We wish to estimate the mean of outcome \(Y\):

```
estimand = declare_estimand(
mean(Y), label = "Ybar")
```

Finally, we check the coverage of confidence intervals computed using classical or clustered standard errors.

```
estimator_cluster = declare_estimator(
formula = Y ~ 1,
model = lm_robust,
clusters = cluster,
label = "Clustered")
estimator_classical = declare_estimator(
formula = Y ~ 1,
model = lm,
label = "Classical")
design =
population +
sampling_stage1 +
sampling_stage2 +
estimand +
estimator_classical +
estimator_cluster
sim = simulate_design(design)
sim %>%
mutate(Covered = conf.low < 5 & conf.high > 5) %>%
arrange(estimator_label, conf.low) %>%
mutate(sim_ID = factor(sim_ID, unique(sim_ID))) %>%
ggplot(aes(x = sim_ID, ymin = conf.low, ymax = conf.high, color = Covered)) +
geom_linerange() +
geom_hline(yintercept = 5, color = "red") +
facet_wrap(~estimator_label) +
theme_minimal() +
theme(axis.text.x = element_blank(),
axis.ticks.x = element_blank(),
panel.grid = element_blank()) +
scale_colour_grey() +
xlab("500 Simulations")
```

Above, we saw how to use built-in estimation and estimand functions from the `DeclareDesign`

package. Now, we’ll see how to easily define custom estimands and estimators.

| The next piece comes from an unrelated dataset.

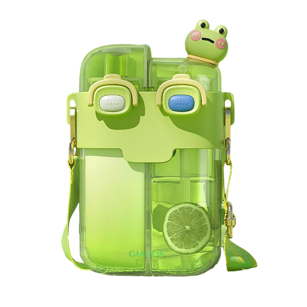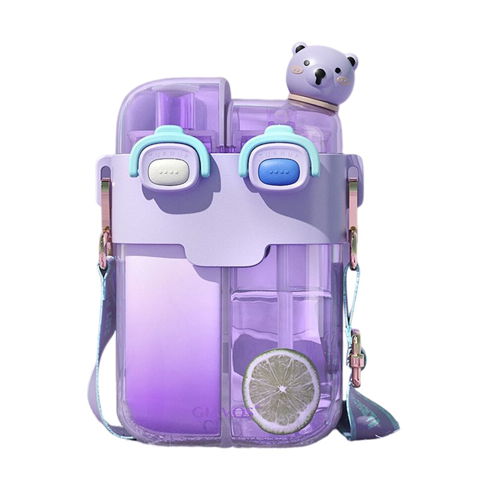 The 780ML Sports Drink Bottle Portable Cartoon Outdoor Sport Water Cup is a convenient and versatile water bottle designed for sports enthusiasts and outdoor activities. It is made of high-quality PC+PP+silicone material and is available in four colors: pink, yellow, green, and purple. The product features two separate spaces, allowing users to carry both water and juice in one bottle. It also has an adjustable strap for easy carrying and a buckle to prevent accidental opening.

This function has a nice shortcut syntax, but to properly understand what it does, I think it is useful to use the more flexible (and verbose) `handler`

argument.

The `handler`

argument accepts a function that takes our simulated dataset as a `data.frame`

, and returns a `data.frame`

with two entries. Here, the “handler” takes `data`

and calcualtes the average of the difference between potential outcomes. This is the average treatment effect that we ultimately want to estimate:

```
estimand = declare_estimand(
handler = function(data) {
data.frame(
estimand_label = "ATE",
estimand = mean(data$Y_Z_1 - data$Y_Z_0)
)
},
label = "ATE")
```

The “handler” argument of the `declare_estimator`

function accepts a simulated dataset, and returns a `data.frame`

that conforms to the tidy `broom`

package format. This is nice, because it means that `DeclareDesign`

can easily accomodate pretty much any estimation strategy.

```
estimator = declare_estimator(
handler = label_estimator(function(data) {
mod = lm(Y ~ Z, data)
out = broom::tidy(mod, conf.int = TRUE)
out[out$term == "Z",]
}),
label = "LM")
```

These functions can be plugged in to any of the workflows described above and should work immediately. I hope these examples make clear that `DeclareDesign`

can accept pretty much any estimator or quantity of interest.

Blair, Graeme, Jasper Cooper, Alexander Coppock, and Macartan Humphreys. 2019. “Declaring and Diagnosing Research Designs.” *American Political Science Review* 113 (3): 838–59.